After my parents divorced, my father spent several years renting a space on a friend’s property. He lived in a small cab over trailer. Many people find it strange that anyone my age has ever used an actual outhouse, but there was a very nice one on this property. On the property there was one permanent building with a kitchen and shower. This building had running water from a huge underground storage tank. My father was in charge of hauling the water in. One of the most remarkable things about this 100 acre plot of land was that in order to access it you had to drive through an arroyo. This meant that during flash flood season we often had to tow out people who got stuck in the mud. One time I remember stopping on one side on the arroyo to look for something that my dad had lost. As we looked he stopped and had me listen. There was a low, growing roar. Less than a minute later, there was a ten foot high wall of water roaring down the arroyo in front of us. Once the water had established its presence, it ran slowly, and only a foot or so deep. Even that did not last long.

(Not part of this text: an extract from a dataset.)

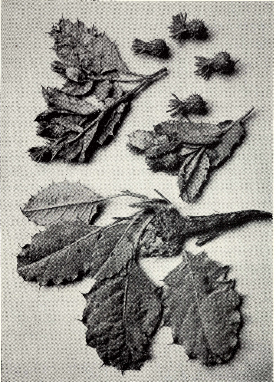
Cousinia Stahlia Borm. et Gauba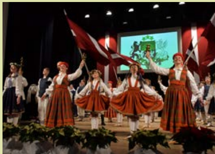
FOTO ATSKATS UZ 18. NOVEMBRA SVĒTKIEM

When my mother bought the property that she later built our home on, the house that was on the property had burned down. I even wrote a poem when I was about five about the ‘Burnt Up House’ as we called it. The original homes in Madrid were hauled in on the railroad. They were very minimalist. Because they were made only of wood, they are now tinder boxes. If one of these homes catches fire, the heat alone can catch the next. We are VERY cautious about open flames in Madrid.
Because water is at a premium, when my grandparents chose to rent out part of their home, they were left without a bathroom. We took baths in a big plastic tub with water we heated up on the stove. They had a port-a-potty out back.
I hope that this gives some insight into who I am, and how I got that way. I believe that the experiences I had growing up are invaluable. I believe that everyone should have the opportunity to live out of time and place. I believe that everyone should have the opportunity to explore the natural world as well as the historical one.